Uganda’s total public debt now stands at about $32.24 billion—roughly Sh118 trillion as of June 2025 . That is a 26% increase in just 12 months.

The debt-to-GDP ratio has breached the 50% ceiling embedded in our Charter of Fiscal Responsibility, hitting 50.9% and projected to rise further.

Now, debt can grow faster than revenues during periods of high investment. That is not unusual. Countries borrow ahead of growth cycles. We did it when infrastructure gaps were glaring. We are doing it again in anticipation of oil production.

But borrowing faster than revenue growth only makes sense if the borrowed money is efficiently deployed and yields returns greater than its cost...

What we are witnessing instead is this: debt rising, interest payments rising, and money wasted on idle commitments.

We are compounding liabilities without compounding assets.

From Prudence to Elastic Budgets

Two decades ago, when Uganda first dipped into the domestic bond market, the sums were modest. In January 2004, government raised Sh20 billion via a two-year bond. It was tentative. Cautious.

Before that, Treasury bills were largely instruments of monetary policy—to mop up excess liquidity and manage inflation.

Today, the domestic market is the mainstay of budget financing. We routinely raise hundreds of billions in a single auction. Treasury bills and bonds outstanding now hover around Sh58–60 trillion, with bonds accounting for over Sh50 trillion.

Domestic resource mobilisation is, in theory, a sign of maturity. Poor countries are poor because they cannot mobilise their own savings. A functioning bond market shows institutional depth—banks, pension funds, insurance companies all pooling capital.

But mobilisation without discipline is merely self-lending without accountability.

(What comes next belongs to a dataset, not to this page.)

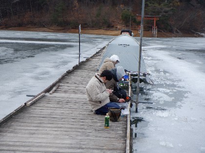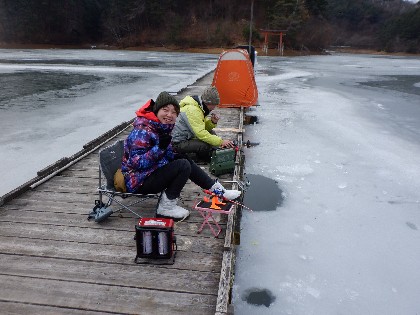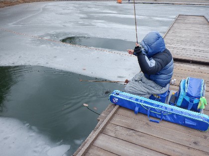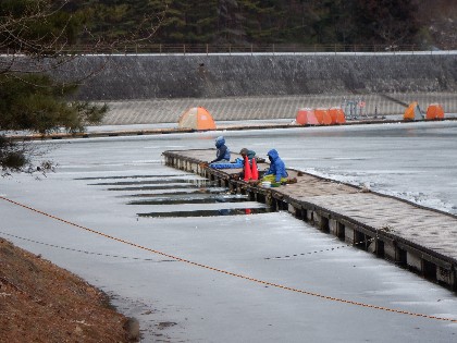 2024年1月19日(金) 天気:曇り午前10時(気温3度、水温3度) 今日の美鈴湖は、ワカサギ釣りで25人、ヘラ鮒は3人のお客様にお越しいただきました。 《今日の水位》

And the discipline is thinning.

In FY2023/24, government requisitioned and received Sh8.93 trillion in supplementary funding on top of a Sh52.73 trillion regular budget—yet total expenditure came in lower than the original allocation . More recently, Sh14 trillion was introduced via corrigenda with limited time for parliamentary scrutiny.

A budget that keeps expanding mid-year ceases to be a plan. It becomes an improvisation.

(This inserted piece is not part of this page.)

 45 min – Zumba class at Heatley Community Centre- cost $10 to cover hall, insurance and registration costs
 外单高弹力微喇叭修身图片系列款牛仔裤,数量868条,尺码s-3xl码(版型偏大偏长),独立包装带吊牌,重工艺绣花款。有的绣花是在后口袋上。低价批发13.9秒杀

Markets can tolerate borrowing. They are less tolerant of drift.

The Silent Appropriation Called Interest

Perhaps the most chilling statistic is this: debt servicing consumed 20.99% of domestic revenue in FY2023/24—well above the 12.5% ceiling government committed to . Projections suggest that by FY2026/27, nearly 45% of domestic revenue could go toward servicing debt.

Almost half of every shilling collected domestically would go to honour past borrowing.

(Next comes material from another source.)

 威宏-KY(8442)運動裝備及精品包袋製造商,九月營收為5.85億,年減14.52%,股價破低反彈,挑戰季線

Interest is the most efficient spender in the national budget. It never delays. It never goes unpaid. It always comes first.

Yet interest builds no classrooms, plants no crops, drills no boreholes.

When debt servicing expands, it crowds out agriculture, health, education, and child protection.

We speak of transformation. But transformation is not funded by interest payments.

The Opportunity Cost of Poor Planning

The most indefensible aspect of our current trajectory is not that we borrow. It is that we borrow without readiness.

Commitment fees arise when loans are signed but funds remain undisbursed within agreed timelines. In effect, lenders charge you for reserving capital you fail to utilise.

This is analogous to booking a fleet of trucks for delivery and then never loading the goods. You still pay.

The Mbarara–Masaka transmission line and Kampala road rehabilitation projects were among those affected by implementation delays . These are not trivial undertakings. They are central infrastructure components.

When 15 projects lack feasibility studies, the problem is systemic. Feasibility studies are not bureaucratic luxuries. They are the foundation of sound borrowing.

Borrowing without feasibility is fiscal recklessness.

If a private CEO borrowed billions without project design, shareholders would demand resignations. In the public sphere, the bill is quietly passed to taxpayers.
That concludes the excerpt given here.